On apporta des rôtis, des gâteaux, des fruits et divers
autres mets.
On fêtait le baptême d'un enfant. Je n'avais
pas mangé de viande depuis Dresde.
Ces odeurs de nourriture
m'excitaient.
La patronne vient alors près de moi et me dit
:
" Je vois bien que tu es le fils de braves gens" ;
et
me tendit une assiette pleine de rôti, d'ufs et de pâtisserie.
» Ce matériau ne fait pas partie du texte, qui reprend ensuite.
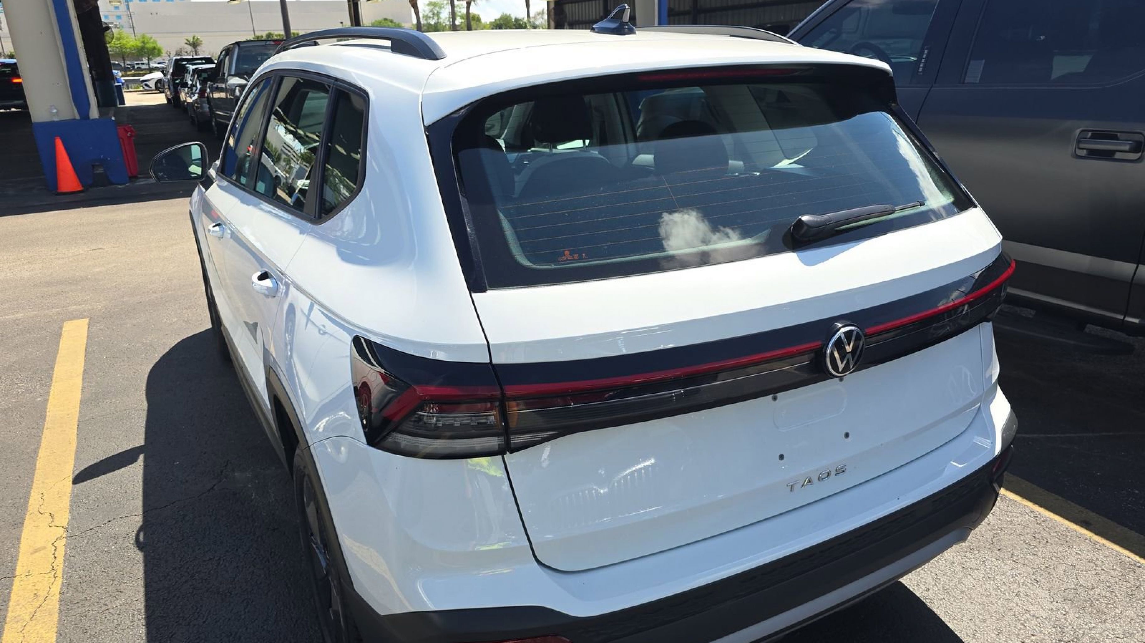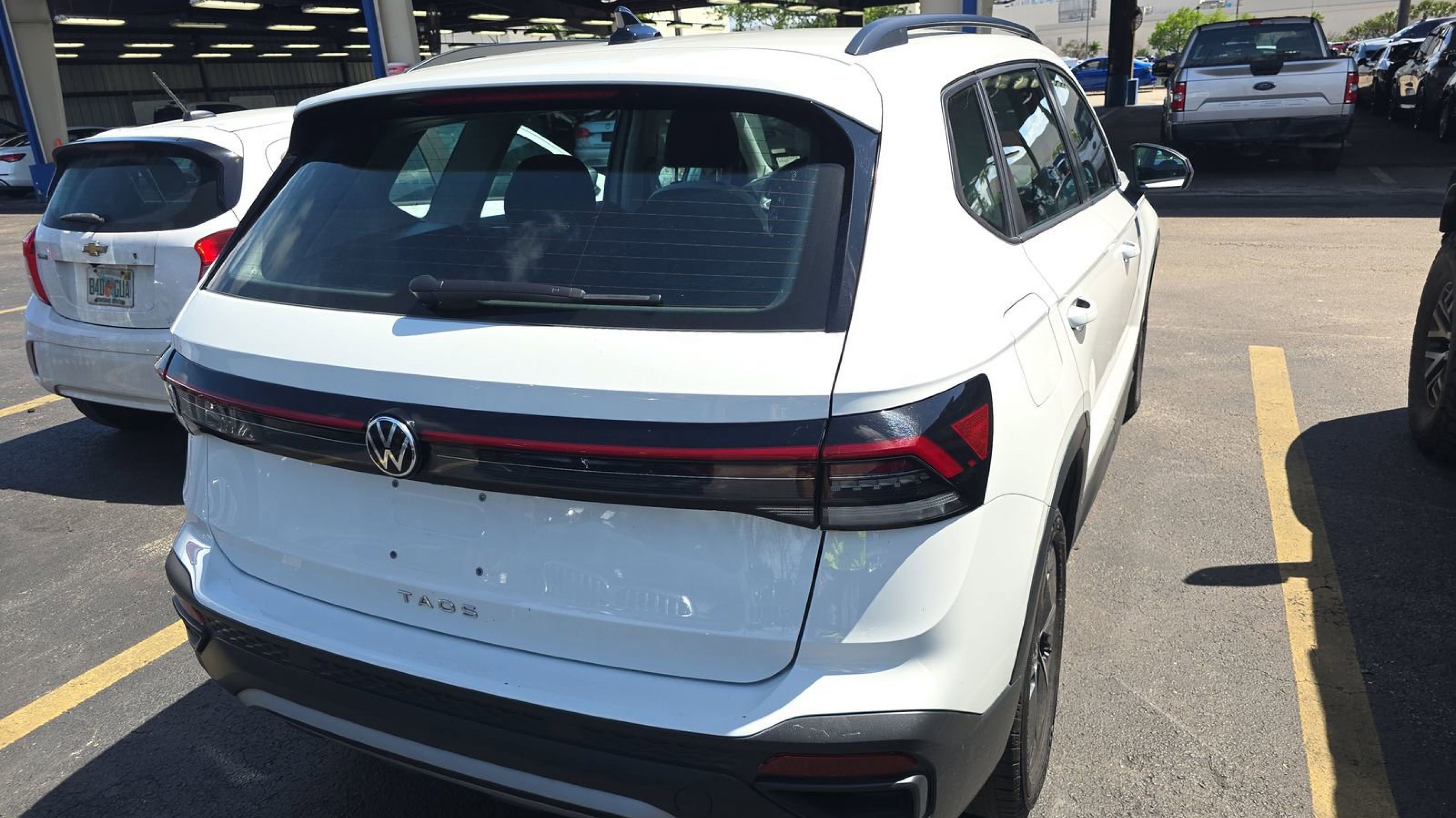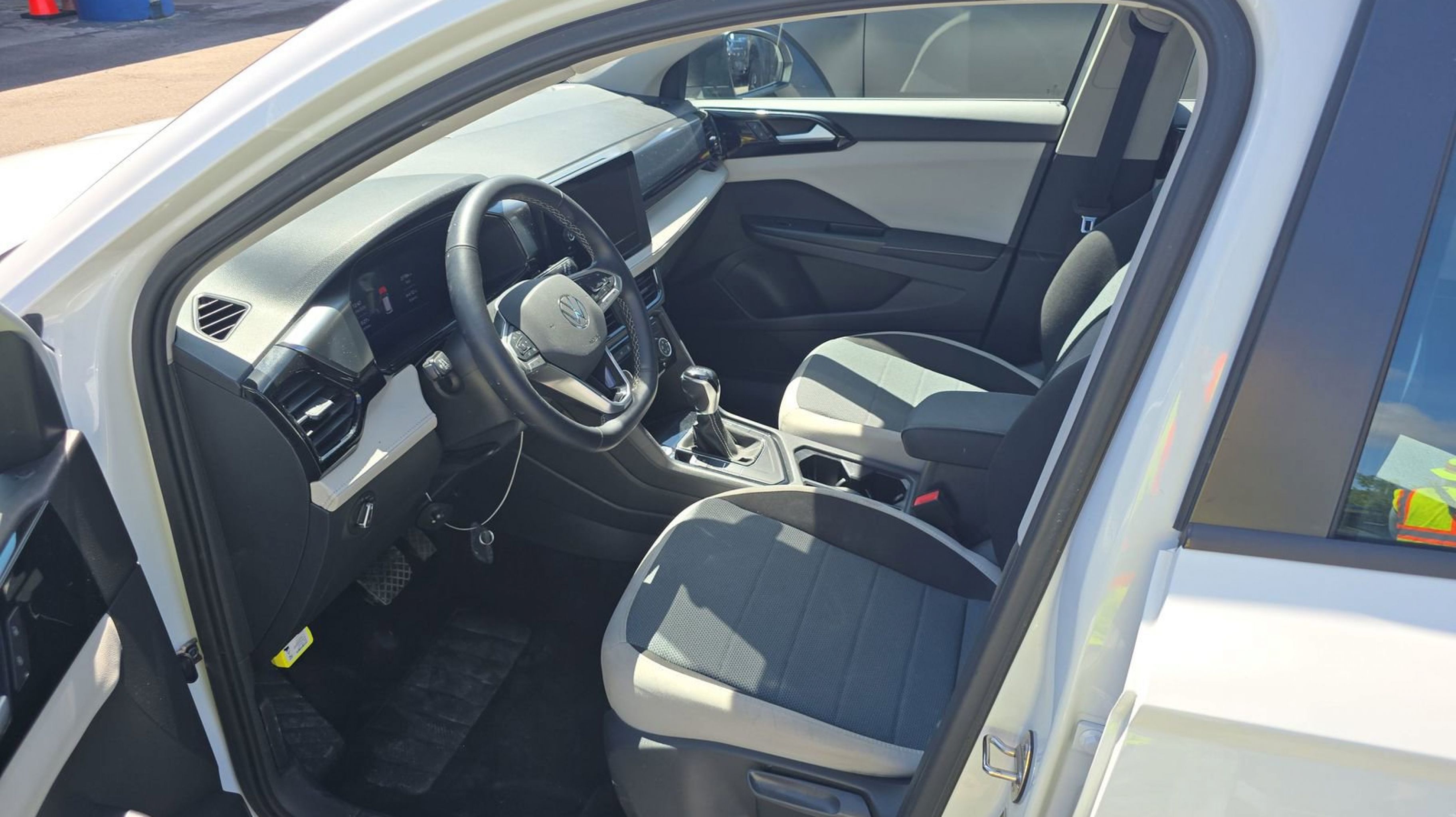 Pure White 2025 Volkswagen Taos 1.5T S FWD 8-Speed Automatic with Tiptronic 1.5L I4 Turbocharged DOHC 16V LEV3-SULEV30 174hp 4-Wheel Disc Brakes, 6 Speakers, ABS brakes, Active Blind Spot Monitor, Air Conditioning, Alloy wheels, AM/FM radio, Auto High-beam Headlights, Brake assist, Bumpers: body-color, Cloth Seating Surfaces, Compass, Delay-off headlights, Driver door bin, Driver vanity mirror, Dual front impact airbags, Dual front side impact airbags, Electronic Stability Control, Emergency communication system: VW Car-Net Safe & Secure 5-year, Exterior Parking Camera Rear, Front anti-roll bar, Front Bucket Seats, Front Center Armrest, Front reading lights, Front Strut Rear Torsion Beam Suspension, Front wheel independent suspension, Fully automatic headlights, Heated steering wheel, Illuminated entry, Leather Shift Knob, Low tire pressure warning, Occupant sensing airbag, Outside temperature display, Overhead airbag, Overhead console, Panic alarm, Passenger door bin, Passenger vanity mirror, Power door mirrors, Power steering, Power windows, Radio data system, Radio: MIB3 Composition Color AM/FM, Rain sensing wipers, Rear anti-roll bar, Rear seat center armrest, Rear window defroster, Rear window wiper, Remote keyless entry, Speed control, Speed-sensing steering, Split folding rear seat, Spoiler, Steering wheel mounted audio controls, Tachometer, Telescoping steering wheel, Tilt steering wheel, Traction control, Trip computer, Variably intermittent wipers, Wheels: 17 Dark Silver Painted Alloy.

Le lendemain après-midi j'arrivai aux portes d'Erfurt.
Il
y avait alors une garnison autrichienne.
On m'arrêta pour
me faire payer une taxe corporelle de 2 florins.
Toute discussion
était inutile, de même que ma proposition de ne pas
passer par Erfurt.
Mon bagage fut confisqué.
Finalement le
receveur accepta de me conduire devant le capitaine de la ville.
Un soldat m'y amena.
Le capitaine n'était pas chez lui, mais
en visite chez une Baronne.
Je demandai que l'on me conduisit jusqu'à
lui.
Il me demanda ce que je désirai et je lui dis que je
trouvai injuste de réclamer 2 florins de taxe corporelle
à un malheureux voyageur sous prétexte qu'il était
de confession juive.
Il me répondit que c'était la
loi du pays.
Ce à quoi je rétorquai :
" Je comprends
que le receveur puisse dire çà, mais vous, un haut
fonctionnaire éclairé, admettez que cette taxe est
destinée aux Juifs qui font des affaires et du commerce et
pas aux pauvres voyageurs de passage."
Comme le capitaine continuait
à faire des difficultés, la Baronne prit la parole
et dit en français :
" Ce jeune homme a raison ; il est
cruel de réclamer une somme aussi importante."
Sur ce,
le capitaine me donna un document manuscrit qui m'exonéra
de toute taxe.
J'arrivai le soir à Gotha.
Je poursuivis mon
chemin vers Offenbach par Eisenach, à travers la Hesse jusqu'à
Hanau où j'arrivai en milieu de journée sans autres
aventures.
L'espoir d'arriver le jour même dans la soirée
à Offenbach me fit accélérer le pas.
J'étais
dans un état d'excitation indescriptible.
Le rassemblement
des fidèles à Offenbach s'appelait "Machine"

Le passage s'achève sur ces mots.